» **Data shown**
*-*-*

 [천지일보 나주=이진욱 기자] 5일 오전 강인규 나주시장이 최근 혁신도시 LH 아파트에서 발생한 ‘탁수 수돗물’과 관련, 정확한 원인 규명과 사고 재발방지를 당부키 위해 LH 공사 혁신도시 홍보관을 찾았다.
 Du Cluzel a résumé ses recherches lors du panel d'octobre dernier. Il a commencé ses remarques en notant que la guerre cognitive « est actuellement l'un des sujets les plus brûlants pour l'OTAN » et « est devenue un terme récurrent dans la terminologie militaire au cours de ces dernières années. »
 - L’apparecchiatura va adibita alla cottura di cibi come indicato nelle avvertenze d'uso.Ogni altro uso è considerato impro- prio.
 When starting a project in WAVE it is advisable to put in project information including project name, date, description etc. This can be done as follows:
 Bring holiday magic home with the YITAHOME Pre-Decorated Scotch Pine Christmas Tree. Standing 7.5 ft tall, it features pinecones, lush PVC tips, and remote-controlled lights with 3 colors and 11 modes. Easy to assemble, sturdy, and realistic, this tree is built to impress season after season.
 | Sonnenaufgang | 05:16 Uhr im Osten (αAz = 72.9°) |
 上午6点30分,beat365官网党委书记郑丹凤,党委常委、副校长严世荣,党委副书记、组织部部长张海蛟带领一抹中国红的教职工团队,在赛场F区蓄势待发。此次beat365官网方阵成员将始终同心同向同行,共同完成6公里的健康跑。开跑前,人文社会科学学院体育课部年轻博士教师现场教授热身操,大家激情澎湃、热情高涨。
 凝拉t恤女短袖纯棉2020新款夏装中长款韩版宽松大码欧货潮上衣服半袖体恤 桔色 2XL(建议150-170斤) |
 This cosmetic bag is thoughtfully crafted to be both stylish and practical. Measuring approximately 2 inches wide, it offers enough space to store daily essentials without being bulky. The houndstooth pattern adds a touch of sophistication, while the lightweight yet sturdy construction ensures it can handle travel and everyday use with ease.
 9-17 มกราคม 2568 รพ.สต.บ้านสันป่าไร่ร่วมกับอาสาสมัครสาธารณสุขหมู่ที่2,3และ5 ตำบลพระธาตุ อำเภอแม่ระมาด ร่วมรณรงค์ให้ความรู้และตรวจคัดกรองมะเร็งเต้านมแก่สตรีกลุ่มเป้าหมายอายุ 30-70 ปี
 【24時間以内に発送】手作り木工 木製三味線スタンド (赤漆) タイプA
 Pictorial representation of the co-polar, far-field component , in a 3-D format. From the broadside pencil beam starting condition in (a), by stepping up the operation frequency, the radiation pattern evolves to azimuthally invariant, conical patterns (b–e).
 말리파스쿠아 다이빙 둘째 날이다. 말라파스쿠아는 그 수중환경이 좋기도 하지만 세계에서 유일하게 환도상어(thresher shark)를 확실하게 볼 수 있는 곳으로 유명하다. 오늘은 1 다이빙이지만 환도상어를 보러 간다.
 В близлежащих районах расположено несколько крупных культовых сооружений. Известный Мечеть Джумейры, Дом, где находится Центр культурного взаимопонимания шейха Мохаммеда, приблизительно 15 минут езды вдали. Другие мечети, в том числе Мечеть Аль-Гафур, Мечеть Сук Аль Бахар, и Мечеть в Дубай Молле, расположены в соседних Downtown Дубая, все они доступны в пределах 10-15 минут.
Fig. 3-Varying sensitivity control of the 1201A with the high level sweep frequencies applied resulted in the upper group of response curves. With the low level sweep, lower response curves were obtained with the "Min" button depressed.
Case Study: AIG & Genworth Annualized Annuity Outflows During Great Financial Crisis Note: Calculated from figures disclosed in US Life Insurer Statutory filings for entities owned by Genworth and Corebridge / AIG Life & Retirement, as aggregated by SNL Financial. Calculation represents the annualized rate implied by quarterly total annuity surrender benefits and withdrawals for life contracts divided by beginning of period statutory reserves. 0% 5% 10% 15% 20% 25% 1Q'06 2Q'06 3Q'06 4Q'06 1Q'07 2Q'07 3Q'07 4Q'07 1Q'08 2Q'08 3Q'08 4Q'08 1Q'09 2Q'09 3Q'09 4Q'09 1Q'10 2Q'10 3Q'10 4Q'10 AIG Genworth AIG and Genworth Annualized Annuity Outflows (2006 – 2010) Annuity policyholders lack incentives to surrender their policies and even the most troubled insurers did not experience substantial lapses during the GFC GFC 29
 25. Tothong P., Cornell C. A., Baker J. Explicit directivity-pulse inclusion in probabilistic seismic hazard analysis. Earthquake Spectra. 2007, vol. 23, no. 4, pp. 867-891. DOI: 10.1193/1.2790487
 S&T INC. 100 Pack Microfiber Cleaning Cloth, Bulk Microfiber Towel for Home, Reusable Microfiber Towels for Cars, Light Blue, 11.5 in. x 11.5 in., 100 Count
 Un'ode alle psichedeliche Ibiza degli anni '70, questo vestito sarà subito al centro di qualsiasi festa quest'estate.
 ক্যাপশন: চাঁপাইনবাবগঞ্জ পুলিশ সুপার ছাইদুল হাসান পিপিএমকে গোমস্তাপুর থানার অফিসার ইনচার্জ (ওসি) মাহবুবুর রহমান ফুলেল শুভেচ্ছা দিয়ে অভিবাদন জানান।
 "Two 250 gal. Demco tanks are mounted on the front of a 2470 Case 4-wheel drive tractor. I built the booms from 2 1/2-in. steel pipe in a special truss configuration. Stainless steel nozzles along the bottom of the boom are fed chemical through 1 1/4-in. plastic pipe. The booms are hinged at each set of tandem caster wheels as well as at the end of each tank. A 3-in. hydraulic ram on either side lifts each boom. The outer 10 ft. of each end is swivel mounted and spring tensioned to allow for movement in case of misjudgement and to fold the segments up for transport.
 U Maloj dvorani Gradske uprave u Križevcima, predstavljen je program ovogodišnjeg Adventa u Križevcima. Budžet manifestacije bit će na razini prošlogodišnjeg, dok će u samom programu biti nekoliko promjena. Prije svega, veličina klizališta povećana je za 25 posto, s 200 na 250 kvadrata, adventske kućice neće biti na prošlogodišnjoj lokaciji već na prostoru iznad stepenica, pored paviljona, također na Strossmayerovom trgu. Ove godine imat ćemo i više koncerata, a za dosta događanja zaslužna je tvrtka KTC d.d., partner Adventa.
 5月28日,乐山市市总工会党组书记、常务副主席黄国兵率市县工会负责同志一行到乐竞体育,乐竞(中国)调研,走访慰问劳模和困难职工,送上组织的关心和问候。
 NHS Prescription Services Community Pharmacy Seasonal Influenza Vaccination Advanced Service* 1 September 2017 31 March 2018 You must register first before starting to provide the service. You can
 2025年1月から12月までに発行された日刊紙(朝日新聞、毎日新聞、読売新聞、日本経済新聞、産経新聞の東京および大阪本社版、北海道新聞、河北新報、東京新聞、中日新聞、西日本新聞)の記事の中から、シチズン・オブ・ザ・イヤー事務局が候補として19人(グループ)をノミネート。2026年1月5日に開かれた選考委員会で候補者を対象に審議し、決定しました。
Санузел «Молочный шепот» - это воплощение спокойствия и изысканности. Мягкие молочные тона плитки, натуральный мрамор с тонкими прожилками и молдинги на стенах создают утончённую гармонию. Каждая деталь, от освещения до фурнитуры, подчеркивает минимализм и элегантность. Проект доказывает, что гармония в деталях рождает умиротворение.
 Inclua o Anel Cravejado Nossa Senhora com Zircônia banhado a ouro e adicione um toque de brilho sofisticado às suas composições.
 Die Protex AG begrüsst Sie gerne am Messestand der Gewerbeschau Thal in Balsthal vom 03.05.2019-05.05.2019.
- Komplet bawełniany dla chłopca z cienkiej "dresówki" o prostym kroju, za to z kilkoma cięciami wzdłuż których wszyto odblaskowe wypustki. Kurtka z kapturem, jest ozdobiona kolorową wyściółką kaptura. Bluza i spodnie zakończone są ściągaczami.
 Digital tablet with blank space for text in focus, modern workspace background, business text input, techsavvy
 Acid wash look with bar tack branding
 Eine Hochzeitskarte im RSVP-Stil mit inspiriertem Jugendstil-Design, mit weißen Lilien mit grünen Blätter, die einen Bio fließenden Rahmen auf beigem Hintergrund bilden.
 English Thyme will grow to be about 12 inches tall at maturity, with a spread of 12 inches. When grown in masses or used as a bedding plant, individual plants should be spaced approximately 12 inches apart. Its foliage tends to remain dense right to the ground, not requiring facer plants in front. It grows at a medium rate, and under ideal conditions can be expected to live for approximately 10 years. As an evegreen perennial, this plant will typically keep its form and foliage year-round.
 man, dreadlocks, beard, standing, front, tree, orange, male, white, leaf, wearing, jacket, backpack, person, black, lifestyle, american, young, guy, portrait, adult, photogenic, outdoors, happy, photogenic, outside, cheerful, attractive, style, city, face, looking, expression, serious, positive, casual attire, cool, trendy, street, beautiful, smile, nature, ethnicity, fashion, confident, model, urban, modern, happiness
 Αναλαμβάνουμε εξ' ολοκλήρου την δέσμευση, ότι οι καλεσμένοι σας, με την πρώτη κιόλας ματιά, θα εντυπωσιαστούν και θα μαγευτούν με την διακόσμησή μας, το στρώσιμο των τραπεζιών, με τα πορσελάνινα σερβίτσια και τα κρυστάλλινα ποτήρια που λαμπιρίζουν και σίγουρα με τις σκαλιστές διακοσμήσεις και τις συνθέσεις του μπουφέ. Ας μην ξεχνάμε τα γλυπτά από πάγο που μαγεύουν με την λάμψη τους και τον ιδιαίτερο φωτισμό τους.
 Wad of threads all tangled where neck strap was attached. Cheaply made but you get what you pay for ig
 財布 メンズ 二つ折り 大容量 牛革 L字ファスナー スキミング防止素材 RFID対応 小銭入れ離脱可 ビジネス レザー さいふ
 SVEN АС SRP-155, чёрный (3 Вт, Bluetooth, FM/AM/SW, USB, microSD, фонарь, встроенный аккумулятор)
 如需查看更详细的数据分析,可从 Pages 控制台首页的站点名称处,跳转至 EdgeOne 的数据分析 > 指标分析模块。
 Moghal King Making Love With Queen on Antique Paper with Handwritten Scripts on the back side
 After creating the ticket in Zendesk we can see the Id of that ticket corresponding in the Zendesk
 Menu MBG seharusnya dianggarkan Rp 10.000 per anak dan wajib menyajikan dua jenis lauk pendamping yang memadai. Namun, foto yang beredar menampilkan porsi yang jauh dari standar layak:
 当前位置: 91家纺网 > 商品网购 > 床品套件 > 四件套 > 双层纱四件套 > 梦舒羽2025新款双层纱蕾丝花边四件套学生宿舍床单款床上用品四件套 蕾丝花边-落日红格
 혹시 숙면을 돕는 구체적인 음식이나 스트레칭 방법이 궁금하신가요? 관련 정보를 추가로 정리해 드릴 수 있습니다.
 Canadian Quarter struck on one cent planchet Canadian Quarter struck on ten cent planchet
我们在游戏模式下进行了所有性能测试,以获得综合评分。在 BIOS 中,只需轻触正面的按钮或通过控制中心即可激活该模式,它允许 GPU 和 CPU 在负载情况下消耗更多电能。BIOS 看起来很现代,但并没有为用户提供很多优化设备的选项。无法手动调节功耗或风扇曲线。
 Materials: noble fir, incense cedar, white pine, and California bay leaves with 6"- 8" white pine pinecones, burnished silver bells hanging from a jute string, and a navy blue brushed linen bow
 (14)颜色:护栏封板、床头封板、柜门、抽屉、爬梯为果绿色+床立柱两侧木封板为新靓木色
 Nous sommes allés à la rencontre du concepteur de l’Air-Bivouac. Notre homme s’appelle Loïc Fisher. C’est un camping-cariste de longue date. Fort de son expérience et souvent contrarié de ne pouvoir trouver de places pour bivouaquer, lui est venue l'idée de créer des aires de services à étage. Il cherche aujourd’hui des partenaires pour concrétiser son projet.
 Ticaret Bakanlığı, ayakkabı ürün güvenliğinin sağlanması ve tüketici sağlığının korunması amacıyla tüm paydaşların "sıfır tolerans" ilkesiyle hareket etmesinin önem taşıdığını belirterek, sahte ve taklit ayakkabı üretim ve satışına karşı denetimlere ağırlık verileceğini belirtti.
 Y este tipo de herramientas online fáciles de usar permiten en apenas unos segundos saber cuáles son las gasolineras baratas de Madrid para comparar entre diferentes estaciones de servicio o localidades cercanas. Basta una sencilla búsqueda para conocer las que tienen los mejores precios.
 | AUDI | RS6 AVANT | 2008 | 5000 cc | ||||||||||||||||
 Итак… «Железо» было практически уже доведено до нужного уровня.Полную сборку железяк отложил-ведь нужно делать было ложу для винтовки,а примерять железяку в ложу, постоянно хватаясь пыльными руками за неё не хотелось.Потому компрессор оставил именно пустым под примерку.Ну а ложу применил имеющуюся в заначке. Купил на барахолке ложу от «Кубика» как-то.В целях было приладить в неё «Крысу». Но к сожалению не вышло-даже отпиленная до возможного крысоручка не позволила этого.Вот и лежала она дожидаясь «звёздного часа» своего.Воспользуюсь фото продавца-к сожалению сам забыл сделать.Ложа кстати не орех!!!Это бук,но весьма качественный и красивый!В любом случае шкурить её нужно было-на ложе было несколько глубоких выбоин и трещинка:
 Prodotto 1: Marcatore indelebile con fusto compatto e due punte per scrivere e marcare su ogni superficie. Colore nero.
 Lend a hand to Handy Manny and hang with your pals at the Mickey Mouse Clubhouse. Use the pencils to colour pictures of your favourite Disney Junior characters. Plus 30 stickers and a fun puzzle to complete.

*-*-*

All lines from the beginning of the material above through the one with "Pictorial representation of" need to be returned exactly; please return those and only those.

» **Solution for this task**
 [천지일보 나주=이진욱 기자] 5일 오전 강인규 나주시장이 최근 혁신도시 LH 아파트에서 발생한 ‘탁수 수돗물’과 관련, 정확한 원인 규명과 사고 재발방지를 당부키 위해 LH 공사 혁신도시 홍보관을 찾았다.
 Du Cluzel a résumé ses recherches lors du panel d'octobre dernier. Il a commencé ses remarques en notant que la guerre cognitive « est actuellement l'un des sujets les plus brûlants pour l'OTAN » et « est devenue un terme récurrent dans la terminologie militaire au cours de ces dernières années. »
 - L’apparecchiatura va adibita alla cottura di cibi come indicato nelle avvertenze d'uso.Ogni altro uso è considerato impro- prio.
 When starting a project in WAVE it is advisable to put in project information including project name, date, description etc. This can be done as follows:
 Bring holiday magic home with the YITAHOME Pre-Decorated Scotch Pine Christmas Tree. Standing 7.5 ft tall, it features pinecones, lush PVC tips, and remote-controlled lights with 3 colors and 11 modes. Easy to assemble, sturdy, and realistic, this tree is built to impress season after season.
 | Sonnenaufgang | 05:16 Uhr im Osten (αAz = 72.9°) |
 上午6点30分,beat365官网党委书记郑丹凤,党委常委、副校长严世荣,党委副书记、组织部部长张海蛟带领一抹中国红的教职工团队,在赛场F区蓄势待发。此次beat365官网方阵成员将始终同心同向同行,共同完成6公里的健康跑。开跑前,人文社会科学学院体育课部年轻博士教师现场教授热身操,大家激情澎湃、热情高涨。
 凝拉t恤女短袖纯棉2020新款夏装中长款韩版宽松大码欧货潮上衣服半袖体恤 桔色 2XL(建议150-170斤) |
 This cosmetic bag is thoughtfully crafted to be both stylish and practical. Measuring approximately 2 inches wide, it offers enough space to store daily essentials without being bulky. The houndstooth pattern adds a touch of sophistication, while the lightweight yet sturdy construction ensures it can handle travel and everyday use with ease.
 9-17 มกราคม 2568 รพ.สต.บ้านสันป่าไร่ร่วมกับอาสาสมัครสาธารณสุขหมู่ที่2,3และ5 ตำบลพระธาตุ อำเภอแม่ระมาด ร่วมรณรงค์ให้ความรู้และตรวจคัดกรองมะเร็งเต้านมแก่สตรีกลุ่มเป้าหมายอายุ 30-70 ปี
 【24時間以内に発送】手作り木工 木製三味線スタンド (赤漆) タイプA
 Pictorial representation of the co-polar, far-field component , in a 3-D format. From the broadside pencil beam starting condition in (a), by stepping up the operation frequency, the radiation pattern evolves to azimuthally invariant, conical patterns (b–e).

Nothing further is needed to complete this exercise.